Furthermore, by using a mask rubbing method for different alignment treatments, it is possible to manufacture with high productivity without significantly changing the conventional production process.

Furthermore, by providing a sealing material within the display area in a part of the display area, it is possible to prevent the mask from bending due to mask rubbing, etc., to form an accurate pattern, and to improve control of the gap between the substrates of the liquid crystal cell. Furthermore, since the sealing material within the display area does not have to be provided in a long pattern, there are no drawbacks such as the liquid crystal injection time being significantly lengthened or bubbles remaining.

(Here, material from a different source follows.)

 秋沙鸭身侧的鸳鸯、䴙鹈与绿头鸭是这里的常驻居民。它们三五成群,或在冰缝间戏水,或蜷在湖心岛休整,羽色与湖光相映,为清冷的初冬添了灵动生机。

In addition to this, the present invention can be applied in various other ways as long as the effects of the present invention are not impaired.

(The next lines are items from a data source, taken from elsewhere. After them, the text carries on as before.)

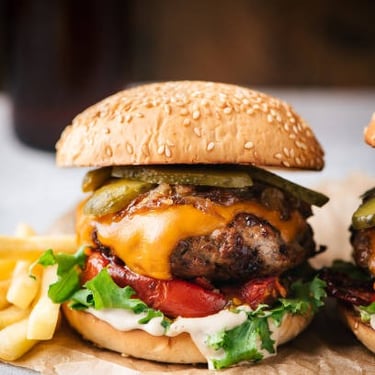 Pain brioché doré, steak de bœuf Angus savoureux, fromage fondant, salade croquante, tomate fraîche et sauce maison. Servi avec ses frites croustillantes et une touche d’oignons caramélisés.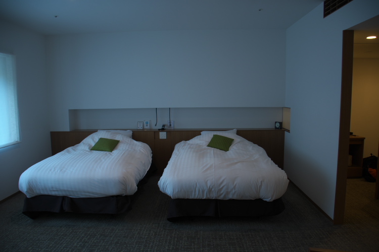 ということで、お部屋に到着。 「月の棟 ツイン」 っすな。 客室の詳細は こちら 。 緑ゆたかな自然に面した庭の棟、城崎温泉街に流れる大谿川に面した月の棟。 大きくその2つに別れるみたいなんっすが、月の棟のツインはコンフォート・ツインとユニバーサル・ツインの2種類。 僕が泊まったのはコンフォートのほうなんっすが、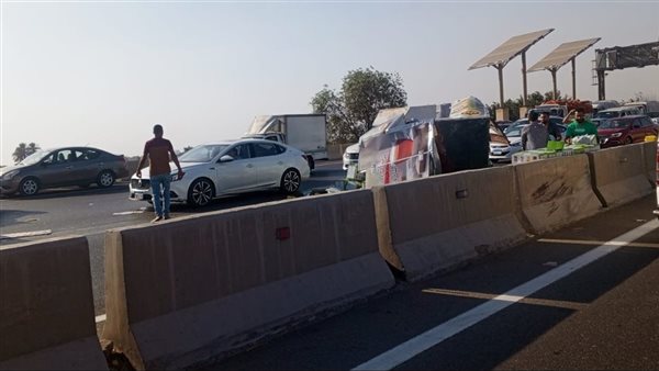 تصادم سيارة نقل بالحاجز الخرساني يعطل الحركة على طريق بنها الحر بالقليوبية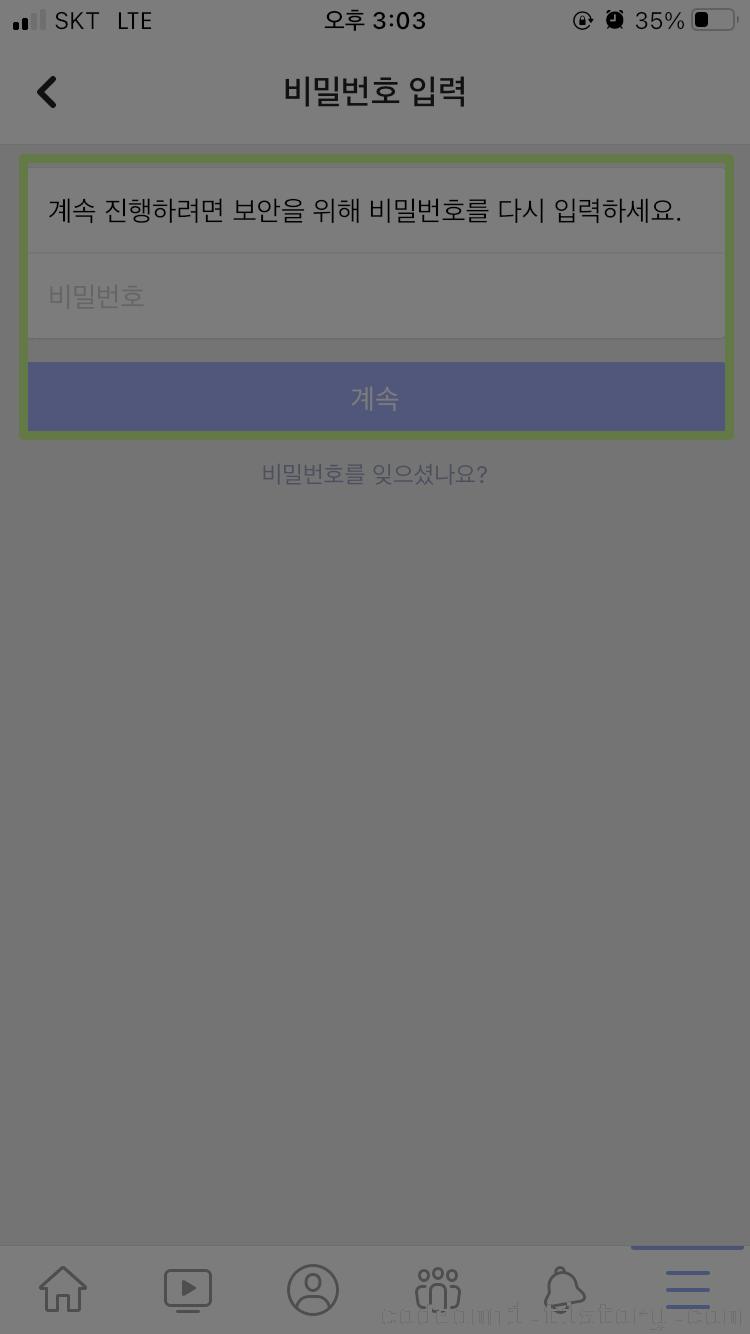 ▲ 비밀번호를 입력한 후 계속을 터치합니다.

[Brief explanation of the drawing]

FIG. 1 is a front view showing an example of a substrate of a liquid crystal display element of the present invention. FIG. 2 is a front view showing an example of a substrate of another liquid crystal display element of the present invention. 1 is the substrate, 2 is the peripheral sealing material, 3A, 3B, 3c, L3
A-13L is a fixed display part with different orientation processing, 4
A, 4B, 14A-141 are fixed display parts with sealing material in the display area, 5A, 5B, 5G are display patterns, 6
is the injection port, 7 is the sealing material Figure 1 Figure 3 Figure 4 Figure 2 Figure 5 Procedure amendment (travel) March 14, 1999

Claims (2)

[Claims] (1) In a liquid crystal display element in which an alignment film is formed on a pair of substrates provided with electrodes, the surfaces of the alignment films are opposed to each other, the periphery is sealed with a sealant, and liquid crystal is sealed inside, the fixed display is partially removed. 1. A liquid crystal display element characterized by using an alignment film that has been subjected to different alignment treatments and a display area sealant provided in an area inside a peripheral seal. (2) A liquid crystal display element in which an alignment film is formed on a pair of substrates provided with electrodes, an alignment treatment is performed by rubbing, the surfaces of the alignment films are faced to each other, the periphery is sealed with a sealant, and liquid crystal is sealed inside. In the manufacturing method, the alignment film of at least one substrate is aligned by rubbing in a certain direction, and then a mask of a specific shape is placed on top of the alignment film, and the alignment process is carried out by rubbing in a direction different from the previous rubbing direction. Also, a method of manufacturing a liquid crystal display element, characterized in that a sealing material within a display area is arranged in a region inside the peripheral seal to perform a fixed display.